● **RECORD SET**:
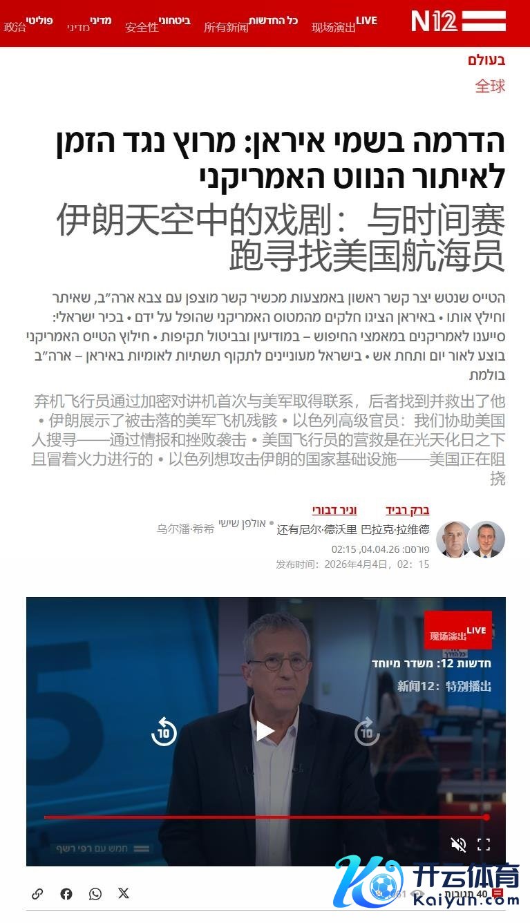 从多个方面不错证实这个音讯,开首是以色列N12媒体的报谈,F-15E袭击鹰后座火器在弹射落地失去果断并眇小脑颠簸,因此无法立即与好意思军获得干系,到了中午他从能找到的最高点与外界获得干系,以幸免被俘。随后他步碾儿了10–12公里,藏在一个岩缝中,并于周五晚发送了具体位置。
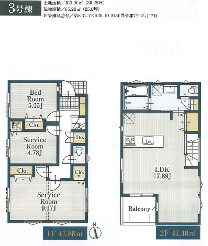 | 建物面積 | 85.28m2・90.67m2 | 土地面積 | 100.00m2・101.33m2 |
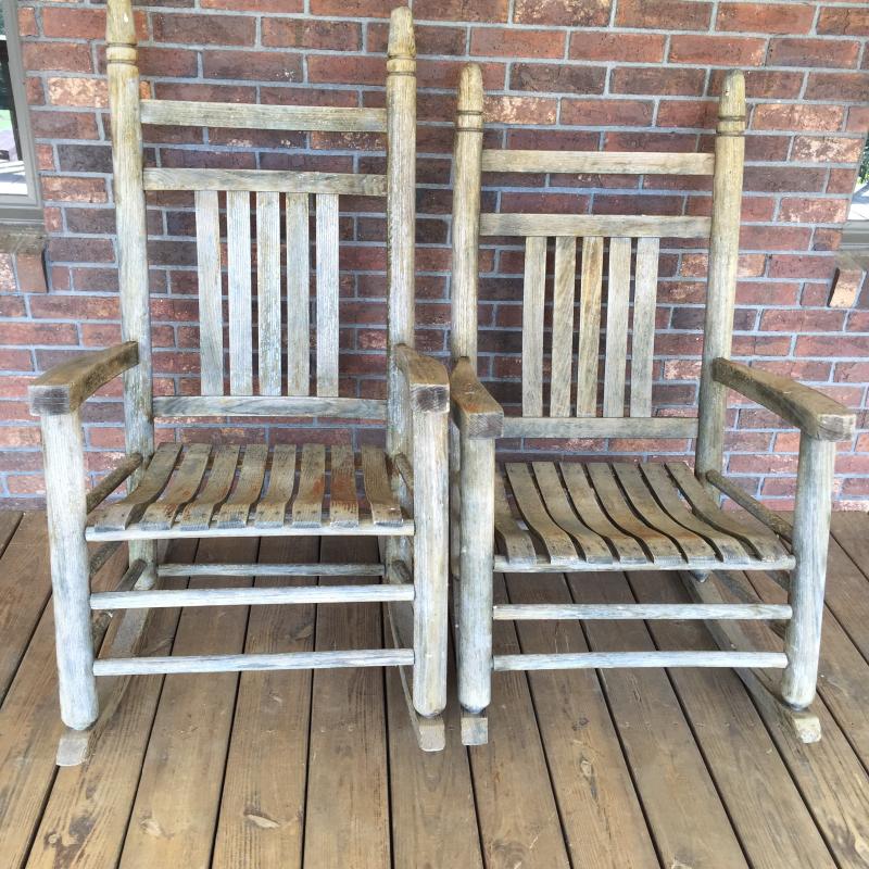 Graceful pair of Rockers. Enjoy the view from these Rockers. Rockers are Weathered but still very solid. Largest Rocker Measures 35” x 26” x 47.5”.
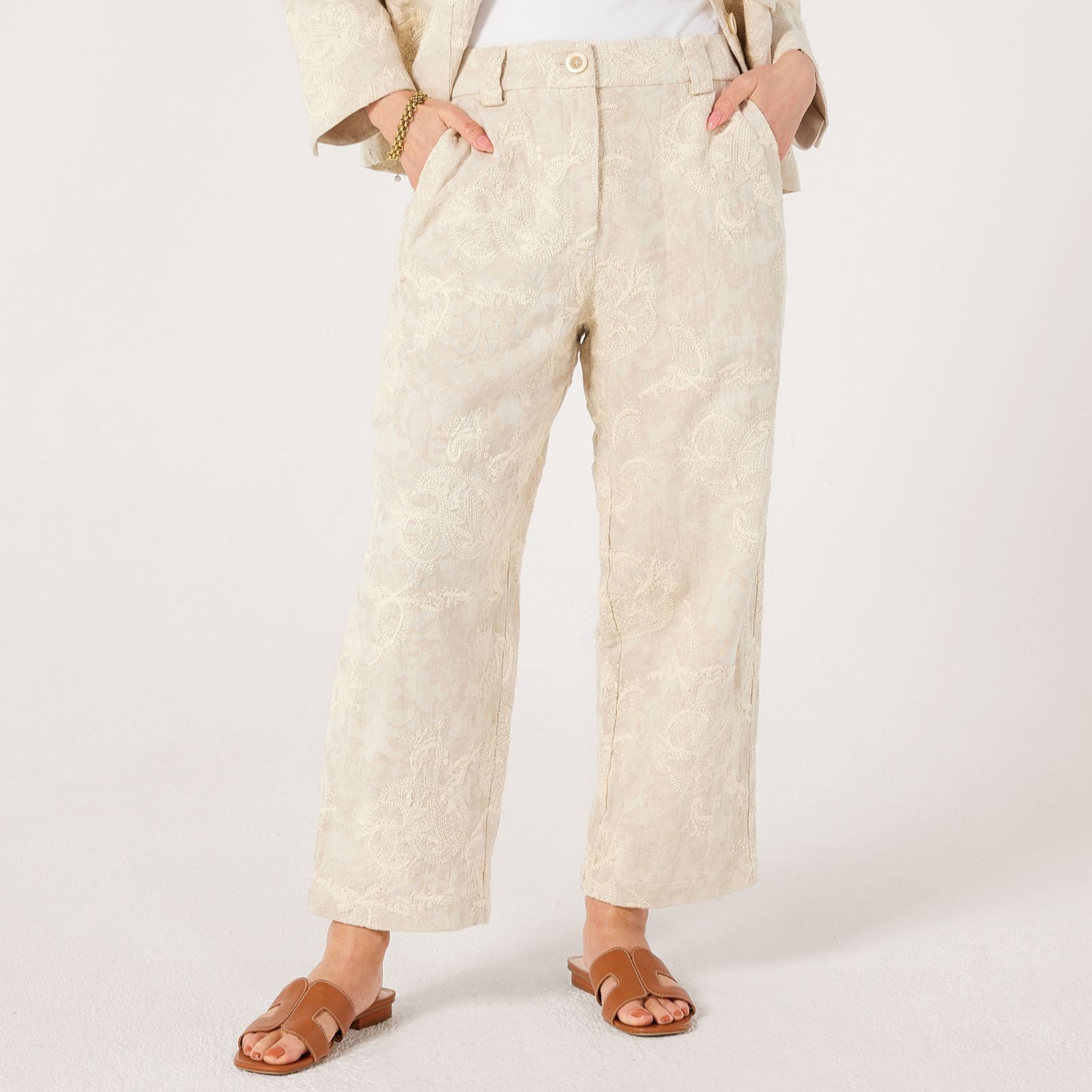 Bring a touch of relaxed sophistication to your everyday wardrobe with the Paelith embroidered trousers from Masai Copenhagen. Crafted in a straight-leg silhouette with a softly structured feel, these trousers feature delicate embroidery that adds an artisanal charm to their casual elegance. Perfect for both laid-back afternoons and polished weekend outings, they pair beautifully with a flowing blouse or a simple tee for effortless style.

==

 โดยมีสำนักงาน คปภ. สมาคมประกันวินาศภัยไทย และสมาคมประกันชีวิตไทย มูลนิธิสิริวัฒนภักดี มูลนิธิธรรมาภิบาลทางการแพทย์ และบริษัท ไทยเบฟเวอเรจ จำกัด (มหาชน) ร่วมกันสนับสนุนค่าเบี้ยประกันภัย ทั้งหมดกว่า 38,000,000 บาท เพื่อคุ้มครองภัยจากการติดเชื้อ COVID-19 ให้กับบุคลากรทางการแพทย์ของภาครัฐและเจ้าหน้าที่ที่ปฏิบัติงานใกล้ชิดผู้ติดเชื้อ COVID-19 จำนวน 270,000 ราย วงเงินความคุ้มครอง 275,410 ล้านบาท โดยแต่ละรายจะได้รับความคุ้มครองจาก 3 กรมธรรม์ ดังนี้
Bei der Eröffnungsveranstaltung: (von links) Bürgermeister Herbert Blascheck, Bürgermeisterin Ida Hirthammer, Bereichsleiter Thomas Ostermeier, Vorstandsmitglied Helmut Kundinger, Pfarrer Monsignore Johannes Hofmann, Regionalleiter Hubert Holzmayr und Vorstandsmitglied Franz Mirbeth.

● **YOUR INSTRUCTIONS**: Return exactly the lines of the material above, starting at the line containing "从多个方面不错证实这个音讯,开首是以色列" and finishing at the line containing "Graceful pair of", without any pictures.

● **TASK OUTPUT**:
 从多个方面不错证实这个音讯,开首是以色列N12媒体的报谈,F-15E袭击鹰后座火器在弹射落地失去果断并眇小脑颠簸,因此无法立即与好意思军获得干系,到了中午他从能找到的最高点与外界获得干系,以幸免被俘。随后他步碾儿了10–12公里,藏在一个岩缝中,并于周五晚发送了具体位置。
 | 建物面積 | 85.28m2・90.67m2 | 土地面積 | 100.00m2・101.33m2 |
 Graceful pair of Rockers. Enjoy the view from these Rockers. Rockers are Weathered but still very solid. Largest Rocker Measures 35” x 26” x 47.5”.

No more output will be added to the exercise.